Undoubtedly, cases like this have been entertained here in the past. But, since it has become settled law that mere imprisonment and trial under a charge based upon an unconstitutional state statute does not deprive one of his liberty without due process of law, we should deny further jurisdiction. There is no longer any controverted federal question essential to decision of the cause.
This view is aided by consideration of the serious and manifest evil which will follow a different course. Certainly, we should not undertake to determine the validity of a state statute in advance of trial upon the merits simply because some prisoner sees fit to sue out a writ of habeas corpus upon the alleged ground of conflict between the statute and Federal Constitution.
"Section 54. Resolutions Concerning Political Matters. — Every such corporation or association shall, within ten days after the adoption thereof, file in the office of the secretary of state every resolution, or the minutes of any action of such corporation or association, providing for concerted action of its members or of a part thereof to promote or defeat legislation, federal, state or municipal, or to support or to defeat any candidate for political office.

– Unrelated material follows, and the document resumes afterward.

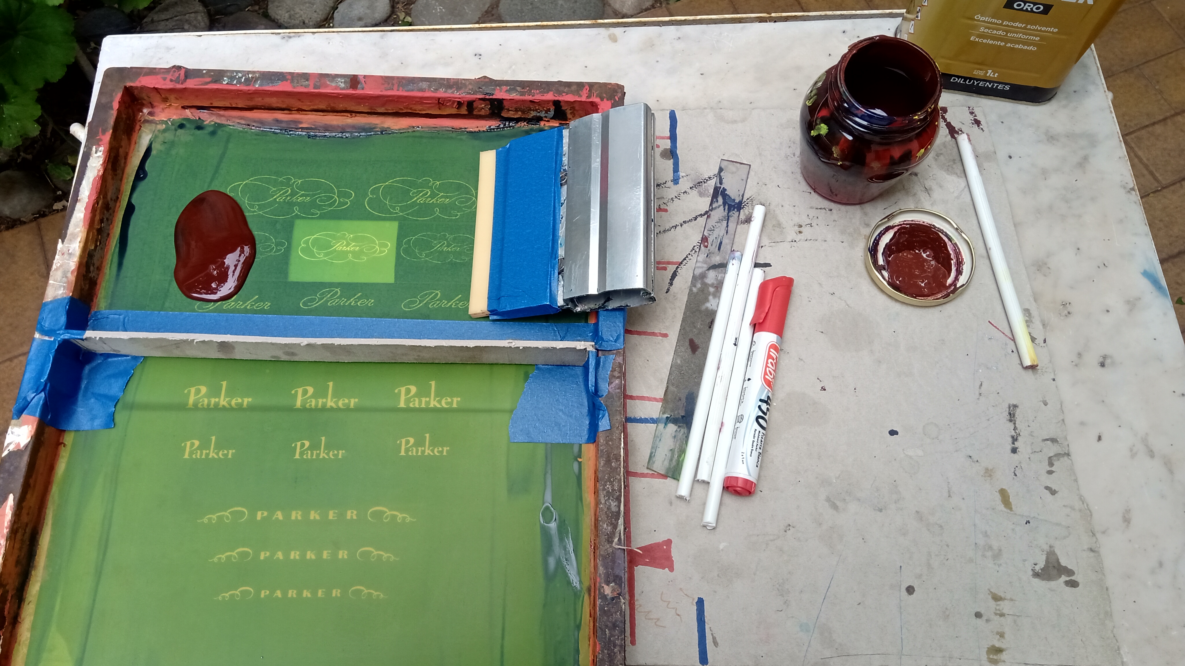 Ora inizia il processo di stampa, posizionando parte dell'inchiostro preparato sul telaio, appoggiandolo saldamente sul tessuto teso, e passando una racla per far passare l'inchiostro attraverso la rete e depositarlo sul tessuto...
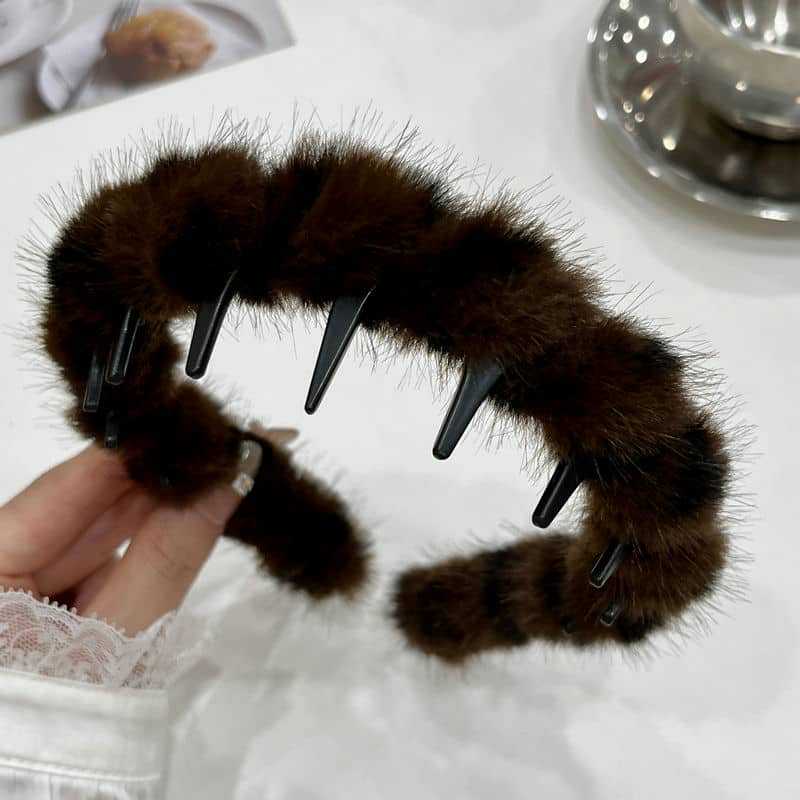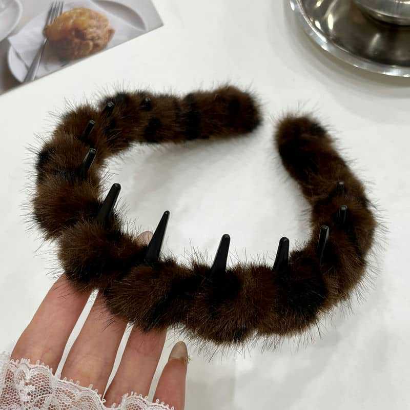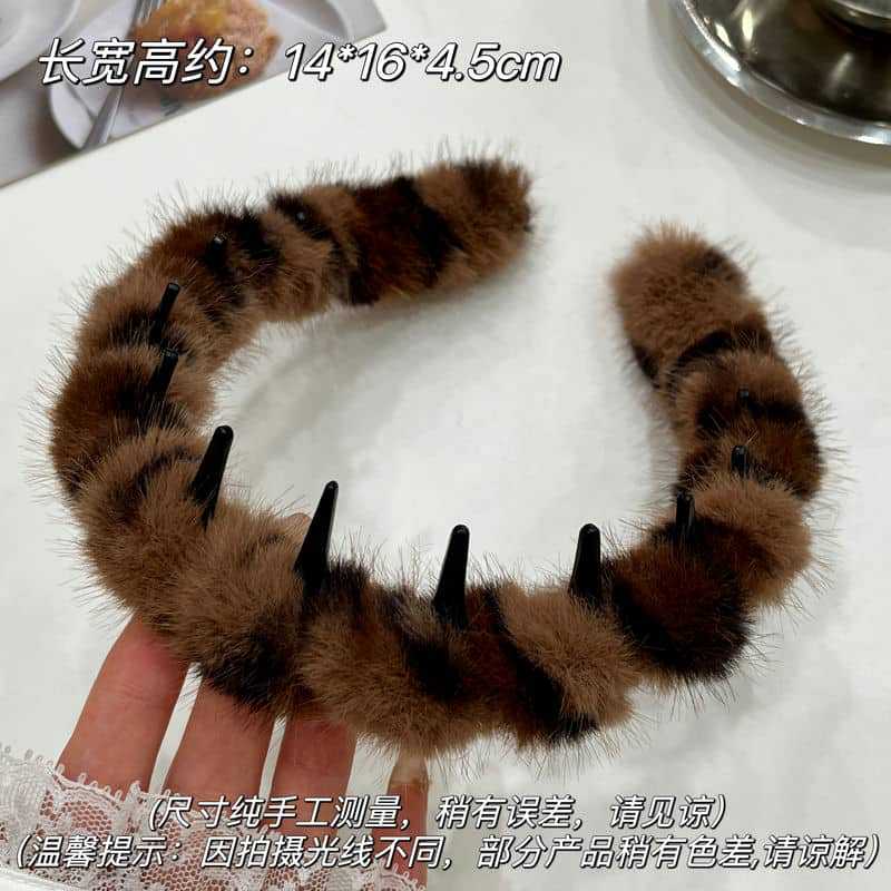 2025新款秋冬复古豹纹带齿毛绒发箍女防滑洗脸发卡头箍高颅顶头饰

"Section 55. Anonymous Communications Prohibited. — It shall be unlawful for any such corporation or association to send, deliver, mail or transmit to any person in this state who is not a member of such corporation or association any anonymous letter, document, leaflet or other written or printed matter, and all such letters, documents, leaflets or other written or printed matter, intended for a person not a member of such corporation or association, shall bear on the same the name of such corporation or association and the names of the officers thereof together with the addresses of the latter.
"Section 56. Offenses; Penalties. — Any corporation or association violating any provision of this article shall be guilty of a misdemeanor punishable by a fine of not less than one thousand dollars nor more than ten thousand dollars. Any officer of such corporation or association and every member of the board of directors, trustees or other similar body, who violates any provision of this article or permits or acquiesces in the violation of any provision of this article by any such corporation shall be guilty of a misdemeanor. Any person who becomes a member of any such corporation or association, or remains a member thereof, or attends a meeting thereof, with knowledge that such corporation or association has failed to comply with any provision of this article, shall be guilty of a misdemeanor."